Changes appearing in the process of residential home sales

The impact of COVID-19 pandemic continues to unfold. We learn a little more with each week, but there is still much uncertainty as the quarantine continues indefinitely with vast economic consequences.

One aspect of change for residential markets in the coronavirus era is the relative appeal of vacant versus occupied houses. Historically, vacant houses were at somewhat of a disadvantage because they typically do not show as well to home buyers versus a furnished and decorated occupied home. One big change of the last month, however, is many buyers now prefer to see a vacant house versus an occupied one because of health concerns. This gives vacant properties somewhat of a rare advantage in today’s market.

According to a real estate professional in the Birmingham areas, younger buyers are generally more willing to view an occupied home than older buyers. They are also more likely to have a situation, such as a growing family, that makes a move more of a “need” than a “want.” Older buyers, on the other hand, are less likely to “need” a move and many are choosing to stay in place for the time being. Additionally, many of the recent sales in Birmingham’s suburbs have been in the $500,000 and below price range, another indicator that younger buyers are still in the market, despite the overall economic climate. The real estate professional also commented that “the pent-up buyers (people who have been searching for the right house for some time now) will still go out and look (vacant or occupied) if the house they’ve been waiting on happens to hit the market.”

On the finance side, mortgage lenders have reacted to growing economic uncertainty by requiring higher down payments and raising minimum credit score requirements. Lenders are also doing more due diligence to confirm the employment status of applicants given the sharp rise in jobless claims (almost 17 million workers have filed jobless claims over the last two weeks). One big fear for lenders is that high unemployment numbers will result in higher levels of mortgage defaults and late payments in the months ahead.

Appraisers are also adapting to the pandemic by wearing PPE (personal protective equipment), requesting that doors be left open, etc. to minimize contact as much as possible. Below is a list of some but not all of the guidelines released by the Appraisal Institute in response to the COVID-19 pandemic.

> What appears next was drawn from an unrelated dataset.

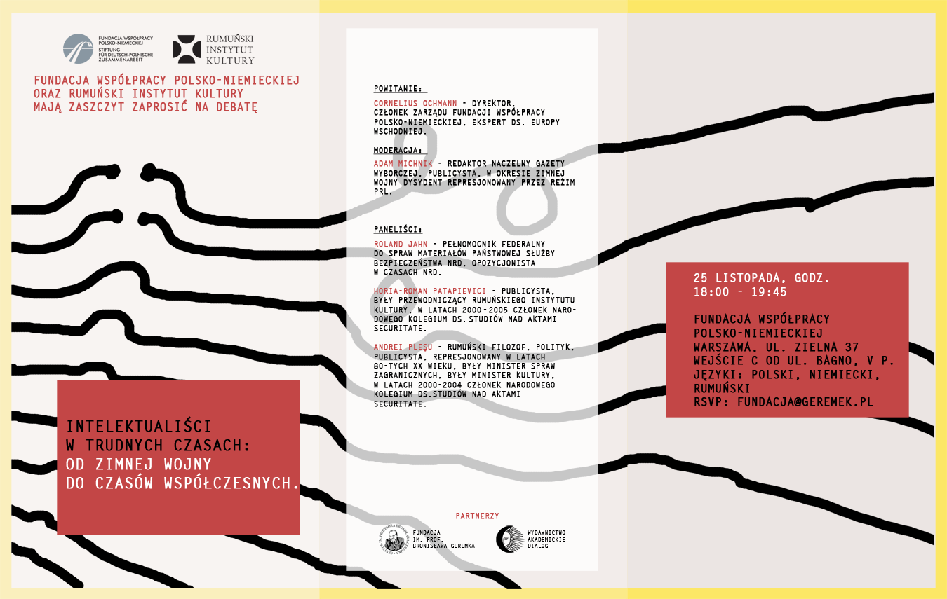 25 listopada FWPN, Rumuński Instytut Kultury i Fundacja im. Bronisława Geremka zapraszają na debatę z udziałem z udziałem Rolanda Jahna, Horii-Romana Patapievici i Andreia Andrei Pleșu. Moderacja: Adam Michnik.

  • “Appraisers should take care not to put themselves in harm’s way while completing their assignments. Appraisers are advised to consult with their medical practitioners if they have concerns about exposure to the virus, and they should decline assignments if they feel their own health would be put at risk.
  • “An important part of any appraisal assignment is analysis of market conditions. The coronavirus threat may be impacting market conditions. However, in most markets it is not yet clear to what extent, if any, market conditions are affected. Related, complicating factors include fluctuations in the stock market and changes in mortgage interest rates.
  • “Market analysis includes observing market reactions. This analysis becomes more complicated when market participants themselves are facing uncertainty.
  • “Appraisal reports should include a discussion of market conditions, and so mention the Coronavirus outbreak and its possible impact. However, it is not appropriate to include a disclaimer or extraordinary assumption that suggests the appraiser is not taking responsibility for analysis of market conditions.

Regarding the impact to Alabama’s residential markets, March 2020 sales data will be released later in the week. All things considered, March numbers are looking relatively strong thus far but the big wildcard is April sales. Many sales closing in March were likely under contract before the pandemic began. Once the data from April sales is available, it will shed more light onto the impact to residential markets across the state.